Operating systems provide various abstractions that we use everyday: various models of how to "do work" (processes and threads), how to exchange information (multi-threaded programming primitives, etc.). We leverage complex data structures from libraries. We wouldn't want to re-write a hash table every time we need dictionary lookup semantics, or drop into assembly to write CAS instructions to re-implement mutexes and spinlocks every time we write a multi-threaded program. So *high five* to abstraction-- you're a good friend to us dumb humans.
Yet... there is a problem. In the perfect world in our cerebral cortex, things fit together nicely, and we gloss over real world needs and various "cross-cutting concerns". As such, there is the famous principal of leaky abstraction, which states that there are no perfect abstractions: all abstractions leak-- i.e. all abstractions expose some part of their underlying implementation. The amount of "leakiness" can be a quality metric. I would suspect that "leakiness" is correlated with complexity, and it is certainly correlated with how many resources are involved in the implementation.
For example, how leaky are mutex synchronization primitives? On the surface they sound simple! You try to acquire the mutex and get blocked until you get what you want. A nice abstraction, very useful. But then there are these pesky details of lock fairness, thread affinity, etc. that complicate the elegant abstraction. They typically rear their head through "cross-cutting concerns" such as performance.
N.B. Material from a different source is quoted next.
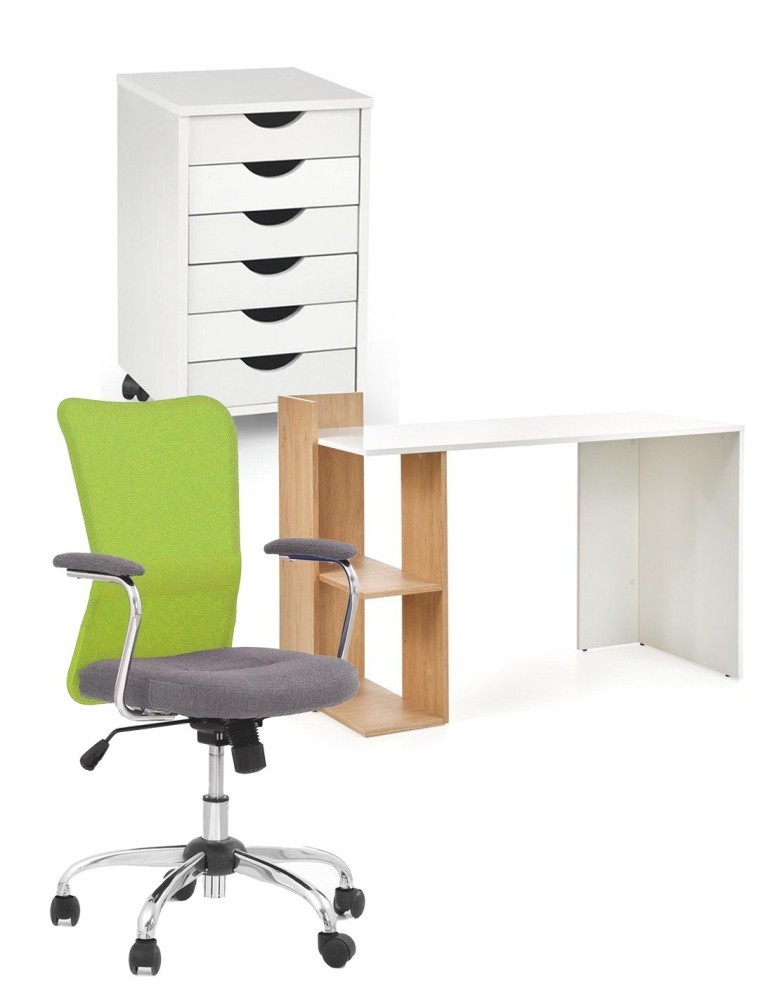 Set birou copii HM Fino, PAL Melaminat, rafturi, stejar auriu alb cu scaun HM Andy verde, mesh, 102 kg si dulapior rulant HM Simon 2, cu roti, front M

And this is key to the issue-- why can't there be a perfect abstraction? Because at some point there is a *finite* set of resources that are going to give a quick dose of "reality" to these "head in the clouds", "flowers and kittens" abstractions. And where abstract, pure concepts meet reality-- finite constraints start to paint a different picture.
So as developers, we deal with this by straddling the fence: we design in the world of abstractions, but maintain some "implementation" knowledge, and then TEST TEST TEST (for performance and other non-functional requirements). And we pick up little best practices about thread affinity, processor cache coherence, scheduling fairness, IO access patterns, etc. that let us meet these goals.
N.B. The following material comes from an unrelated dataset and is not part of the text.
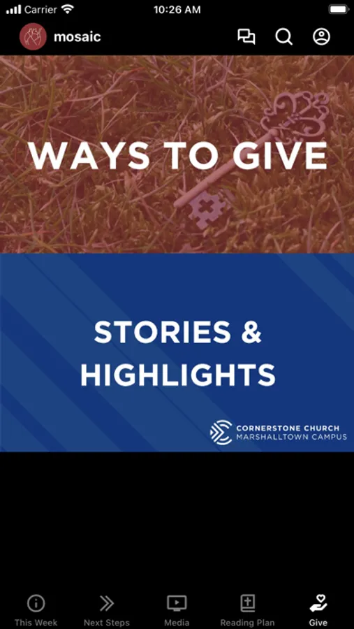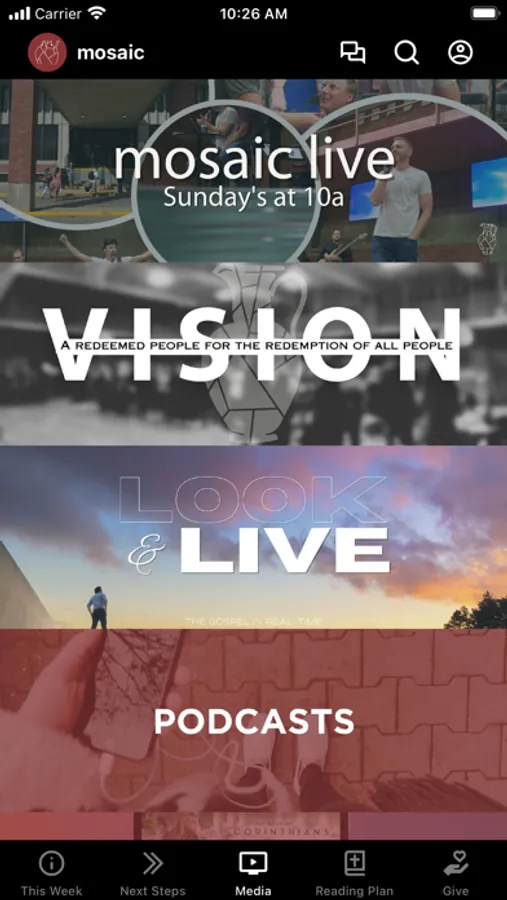 Connect and engage with our community through the mosaic church app! Download our app to browse media content, give conveniently, stay up to date, and learn more about us.

But in my experience with different teams and colleagues, something funny happens when databases are brought into the pictures. They are almost always treated as a black box. "Oh thats the databases job", "oh well the database just sucks", "databases suck". I have encountered a number of people who choose to write their own little mini-databases instead. They have no problem "breaking the abstraction" to think about file locks, optimizing reads/writes to reduce disk head seeks, etc.-- but they hold database technology to some higher standard; they pretend databases are a perfect abstraction!
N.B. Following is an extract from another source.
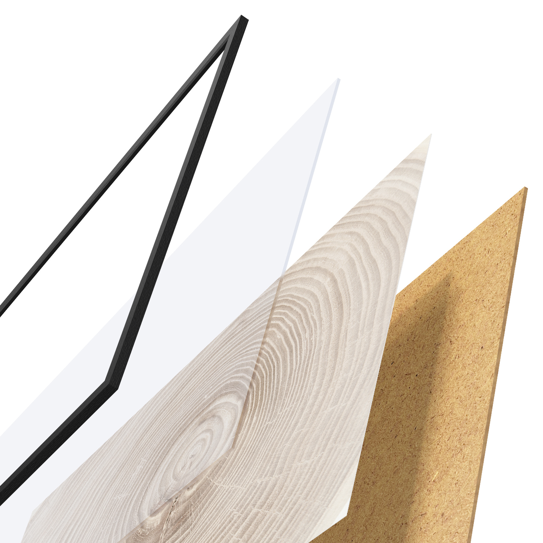 De poster bestaat uit een frame, plexiglas, geprinte afbeelding en spaanplaat achterkant. De poster kan meteen aan de muur worden gehangen dankzij de bevestigingen op de achterkant.

So yes, databases are very leaky. They are leakier than many other programming tools, and this seems natural given the complexity. But they bring a slew of features, a slew of research, and a lot of production time with them. Thus, we as developers should be interested in understanding this tool, its leakiness, and how to effectively use it, just as we would anything else (O/S, hard disks, etc.).
Where do databases leak the most? Here's a brief list of various technical nuggets about popular database implementations that are important to at least have in the back of your mind when you're designing something with a database:
- Concurrency is hard!
- Its multi-threaded programming! Databases aren't magic-- they have to employ the same synchronization as the rest of the world to use a shared memory model of parallelism. Thus read up on isolation levels, read up on optimistic and pessimistic locking, and don't rely on "magic" as an answer for how databases do what they do.
- Transactional consistency is hard!
- Understand why ACID properties are important, how they make reasoning about complex interactions simple, and why it is almost always economically impossible to create a robust, complex system without some transaction abstraction
- Searching for data is hard!
- Searching problems in computer science make up a major chunk of the literature for the last thirty years. Oh, you put your data into a table, didn't understand what you should index, and now you blame the database for performing slowly!? Understand the difference in clustered and non-clustered indexes. Understand the concept of selectivity, and learn how to evaluate which queries are sucking the life out of your application.
At some point, I'll actually put something technical on this blog :-)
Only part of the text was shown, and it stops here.